§ TASK GOAL
Copying rule for the data below: take the line containing "до средней длины." and every line after it to the end, exactly, and drop all pictures.

§ SUPPLIED MATERIAL
* * * * * * *

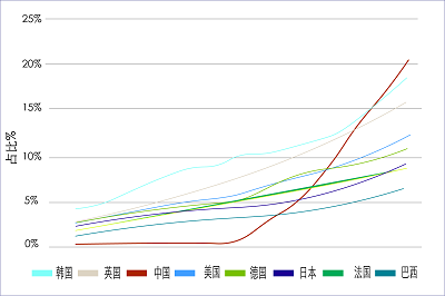 圖6電子商務在各國零售銷售中比例
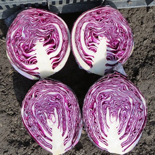 • Кочан покрытый, овальный, плотный, на разрезе темно-фиолетовый. Наружная кочерыга короткая, внутренняя - короткая до средней длины.
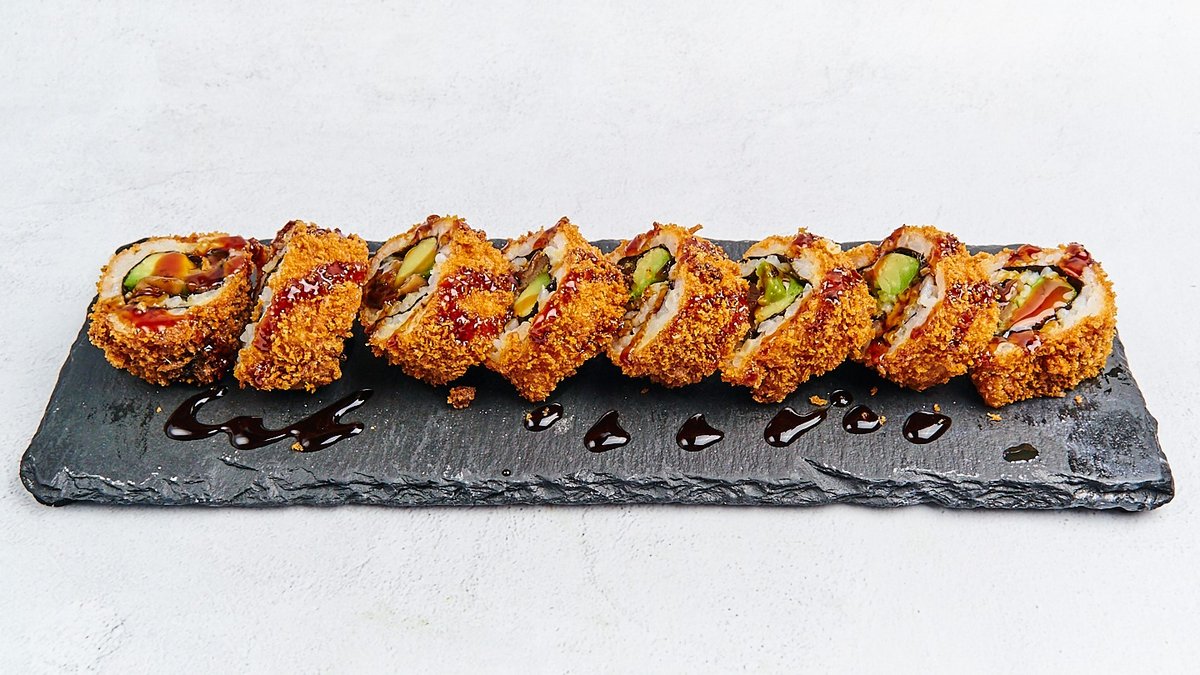 frittierte Rolle mit Avocado, Surimi, Lachs, Unagi-Kürbis, Unagi-Soße und scharfer Mayonnaise

* * * * * * *

§ TASK RESPONSE
 • Кочан покрытый, овальный, плотный, на разрезе темно-фиолетовый. Наружная кочерыга короткая, внутренняя - короткая до средней длины.
 frittierte Rolle mit Avocado, Surimi, Lachs, Unagi-Kürbis, Unagi-Soße und scharfer Mayonnaise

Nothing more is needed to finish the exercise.